Shashi Kapoor, The Father
Q. You had the golden opportunity of being able to share screen space with your father in Vijeta, which he also produced. Tell us about your experience.
Kunal Kapoor: I can’t help but say that he was a thorough professional. Also, because he had always worked with his own brothers, so it wasn’t an entirely new concept for him. I was undoubtedly a little nervous initially, but he made me ease into it. He made me very comfortable and soon I knew he was another co-actor who I needed to give my best with.
Q. It’s only obvious that the films he chose to do as an actor were in stark contrast with those he chose to produce. Would you be able to tell us more about what brought about this difference in choice?

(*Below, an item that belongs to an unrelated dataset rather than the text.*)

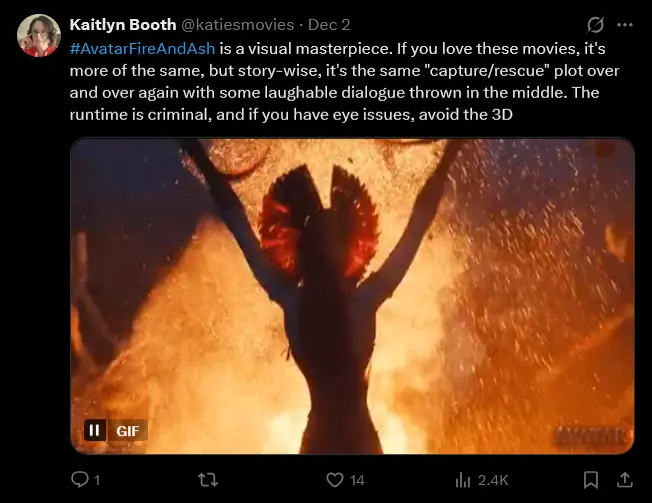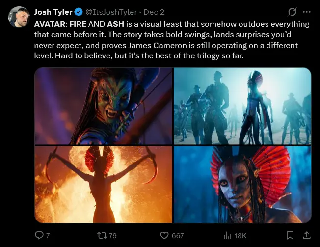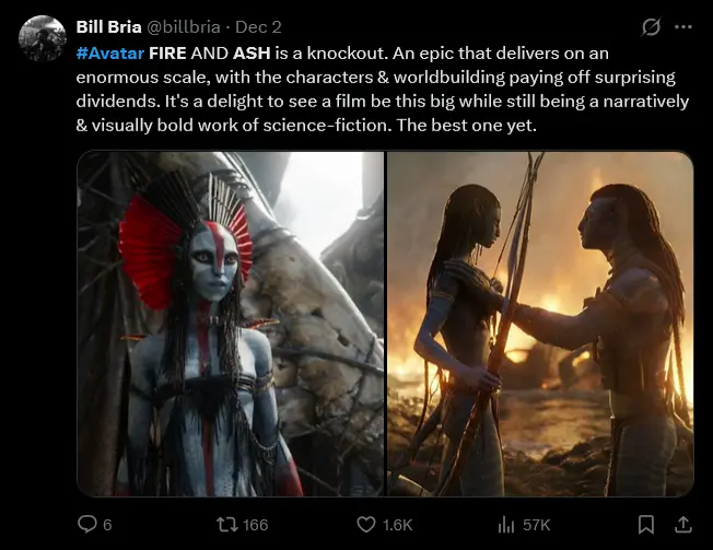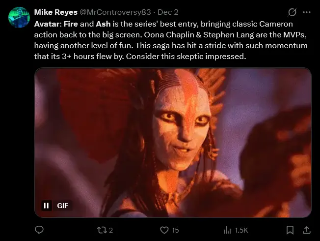 Another reviewer summed it up simply: “Avatar: Fire and Ash is the series’ best entry, bringing classic Cameron action back to the big screen. Oona Chaplin & Stephen Lang are the MVPs, having another level of fun. This saga has hit a stride with such momentum that its 3+ hours flew by. Consider this skeptic impressed.”

Kunal Kapoor: See, the commercial cinema that he was a part of as an actor was the work he was fulfilling for another director or producer. That wasn’t his own idea of cinema yet he was helping others accomplish their goals. As a producer though, he planned films that he truly wanted to make. That was the kind of filmmaking that he believed in and he never gave up on it.
Q. Can you share one cherished professional and personal memory of your dad, Shashi Kapoor?
Kunal Kapoor: You know, one of my earliest recollections of his movies is that of Jab Jab Phool Khile. It was shot in Kashmir and I was a kid then, who was enjoying holidays.
I particularly remember that it was my fifth birthday and so my family decided to spend my special day with my father in Kashmir. The location was so beautiful that I distinctly remember it till date. But to see the movie on screen, having seen all of it in person was such an amazing experience. I absolutely loved it.
On the personal front, picking one out is just so challenging because he is the closest family that one can have. But, I do remember how he never worked on Sundays. It was our family day and we would always sit down to have breakfast together. No matter how late he’d returned from work the previous night, he made no exception when it came to us spending time together on that breakfast table.